Appeal judges to rule on resuscitation orders
The Court of Appeal is ruling today on accusations that the Government and health chiefs are failing to tackle widespread confusion and uncertainty over the imposition of “do not resuscitate” orders on seriously ill patients.
Three appeal judges are being asked to intervene by David Tracey, who says his late wife was subjected to an unlawful DNR order at Addenbrooke’s Hospital, Cambridge.
The hospital is accused of breaching the human rights of terminally ill Janet Tracey, 63, because it did not consult her before the order was placed on her records.
Such notices are intended to ensure that a patient dies in a dignified and peaceful manner, but they have become the subject of controversy.
Philip Havers QC, for Mr Tracey and his family, said the orders were routinely used in a manner which did not reflect existing health service guidance and policy, which was itself inadequate.
In different parts of the country there were often no policies at all, or they did not take into account the views of patients and were capable of being confusing and contradictory, he said, and t hey were also contrary to Article 8 of the European Convention on Human Rights, which safeguards respect for patients’ private lives.
Mr Havers said Health Secretary Jeremy Hunt “must step in and himself issue national guidance addressed to all parts of the NHS in order to comply with Article 8 on a patient-by-patient basis”.
Patients were entitled, as a minimum, to be “notified, involved and have the right to seek a second opinion” before DNR orders were made, he said at a recent hearing.
Mrs Tracey, a care home manager, died following a transfer to Addenbrooke’s after breaking her neck in a car crash on February 19, 2011 – two weeks after being diagnosed with terminal lung cancer.
A DNR notice was placed on her records, but it was cancelled five days later after it was challenged by her family.
A second notice two days before Mrs Tracey’s death on March 7, 2011 was put in place with the agreement of her family.

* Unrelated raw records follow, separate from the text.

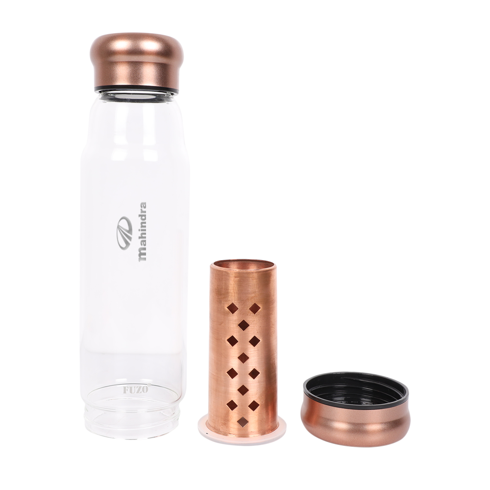 Discover the health benefits of copper-charged water in a stylish glass bottle, a thoughtful and beneficial corporate merchandise option.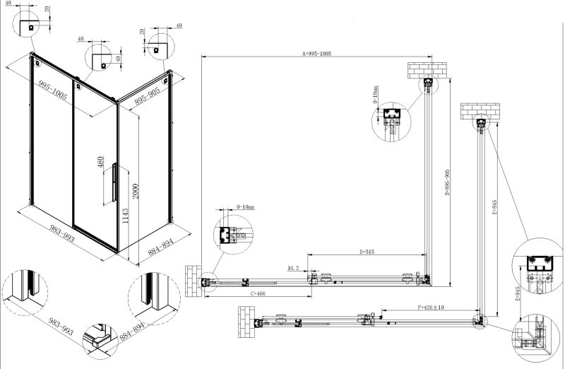 Душевой уголок Vincea Ultima VSR-7UL9010CLGM, 1000*900, вороненая сталь, стекло прозрачное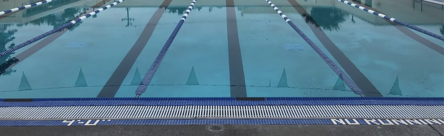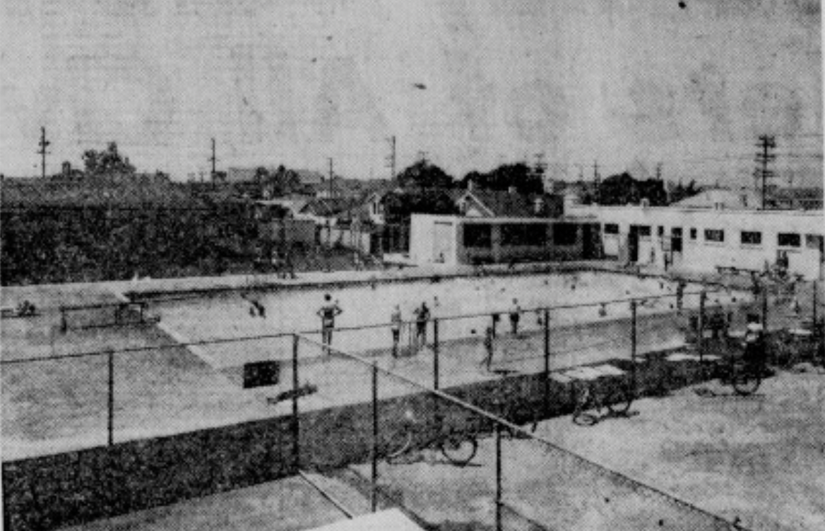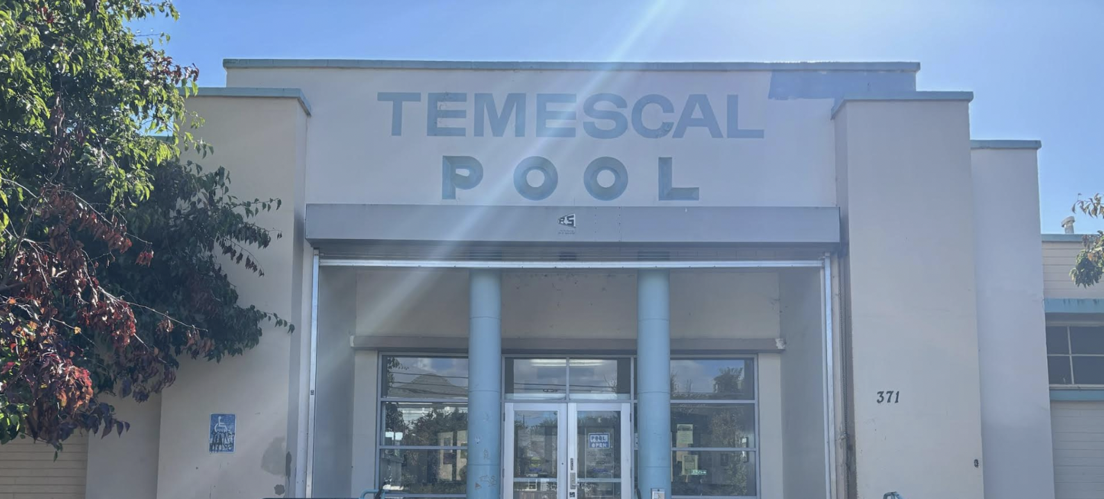 The boxy pool building looks like an extension of the nearby high schools; it’s a simple, angular structure with two columns, light blue accent paint, and TEMESCAL POOL in all caps over the front doors. The building is a facade, though; the pool itself is outdoors. Gates and hedges contain the pool area, which includes the surrounding concrete and a small grassy area.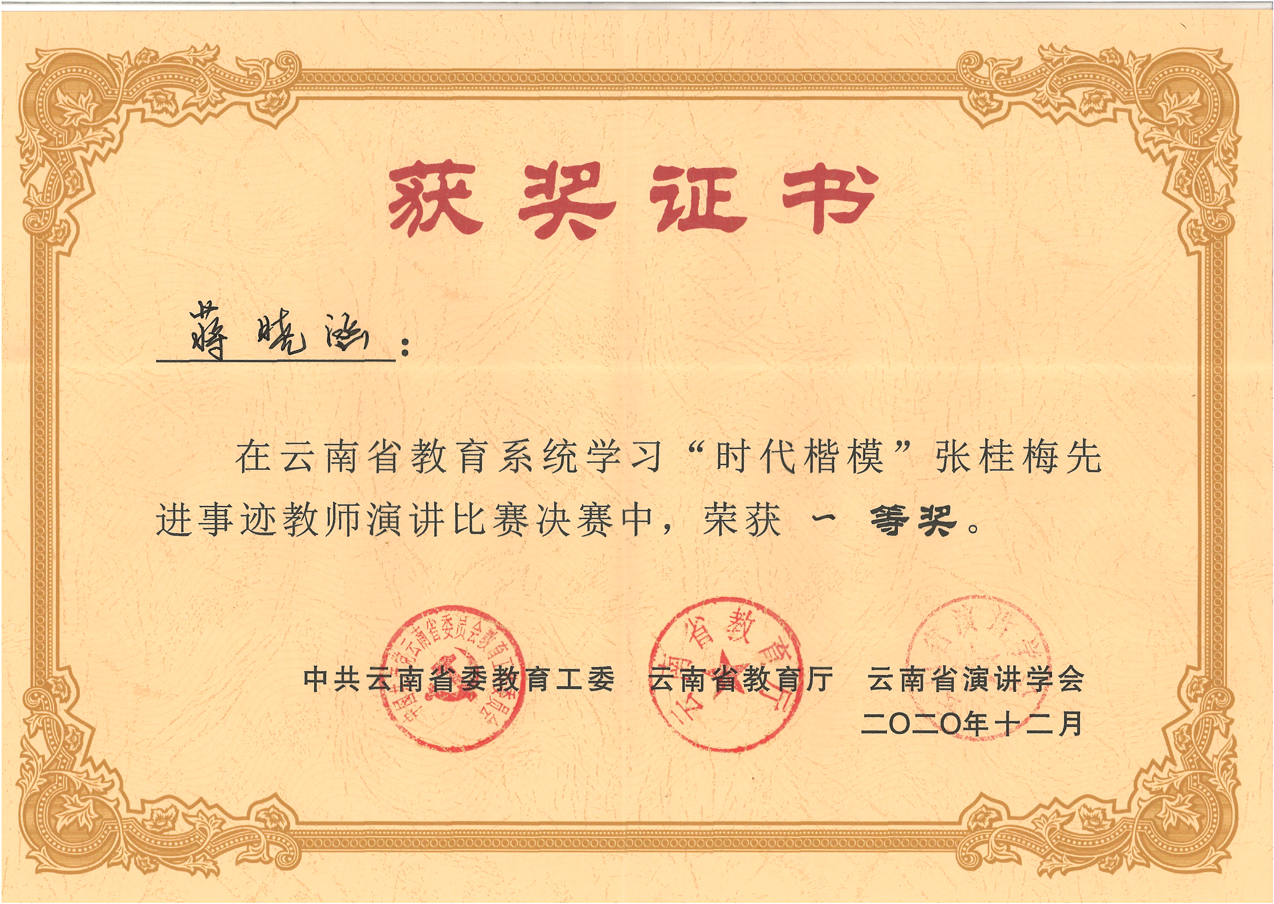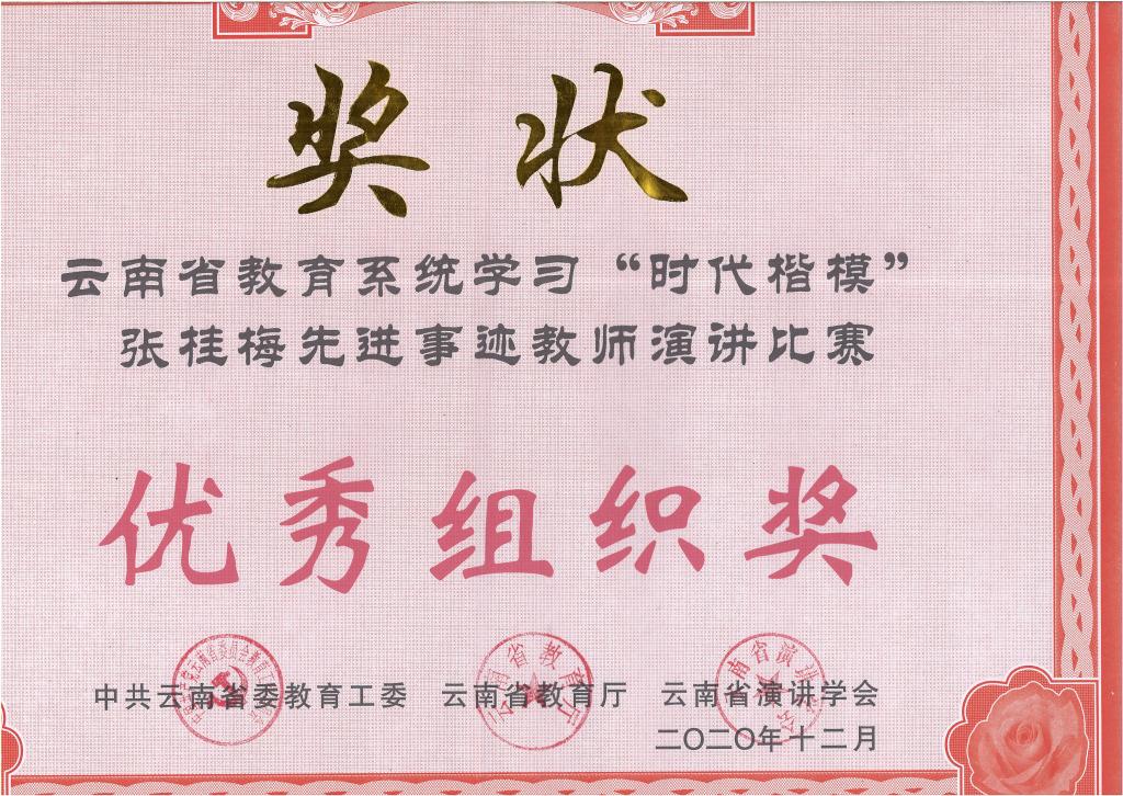 12月30日,由中共云南省委教育工委、云南省教育厅主办,云南省演讲学会、国家教育行政学院承办的学习“时代楷模”张桂梅先进事迹教师演讲比赛决赛在云南省教育厅大礼堂举行。太阳官网荣获优秀组织奖,教师代表蒋晓涵老师从众多选手中脱颖而出以高比分夺得高校组第一名折桂一等奖。

Her widowed husband decided to mount a legal challenge against the first notice, with the support of the Equality and Human Rights Commission (EHRC).
Mr Tracey, 66, a retired engineer, described the appeal as an “opportunity to remedy the current lack of information, making a real difference to other families while recognising the wrong done to Janet”.
His solicitor Merry Varney from the law firm Leigh Day, said: “Currently trusts across England decide their own policies as to how these decisions are made, and many I have seen are confusing and very few include any information for patients and their families.
“This case highlights the distress caused when a patient or their family discover a DNR decision has been made.
“I believe that in this day and age of patient choice and transparency, it cannot be right that a competent patient should have this kind of unwelcome surprise and we hope this case will bring clarity for patients and families across the country.”
EHRC chief legal officer Rebecca Hilsenrath said: “Human rights laws exist to protect everyone. Being consulted, where possible, on whether our life is worth living is a fundamental right we should all expect.”
In 2012, High Court judge Mrs Justice Nicola Davies ruled the failure to inform or involve Mrs Tracey in the making of the first DNR order had ”minimal causative effect” because it had been cancelled.
The judge halted Mr Tracey’s application for judicial review against Cambridge University Hospitals NHS Foundation Trust and the Health Secretary.
The trust emphasised the High Court had found that Addenbrooke’s doctors acted “professionally and in the best interest of Mrs Tracey”.
But last year the appeal court decided there should be a full hearing because points raised in relation to consultation with patients and the right to a second opinion were “matters of some general importance”.
Mrs Tracey’s daughter, Kate Masters, 47, said: “The situation really has to change so that no other families are left like mine are. How someone’s end of life is handled really does live with the family forever.
“At the moment, the policy on managing resuscitation is down to each trust – including each ambulance trust. The end result is that nobody gets any clear information when it comes to patient level. And that can be heartbreaking.”
Lord Pannick QC, for the trust, said there had been no Article 8 breach.
He told Lord Dyson, Master of the Rolls, who sat with Lord Justice Longmore and Lord Justice Ryder, there was no duty to consult with a patient on DNR “where it would obviously be inappropriate to do so”.
In the case of Mrs Tracey, doctors had “on the harsh medical facts” decided that resuscitation would be “futile and achieve absolutely nothing”.
There was a “general desirability” to consult, but a “caring doctor” might well have spared Mrs Tracey “a discussion which was going to cause her distress for no good reason”.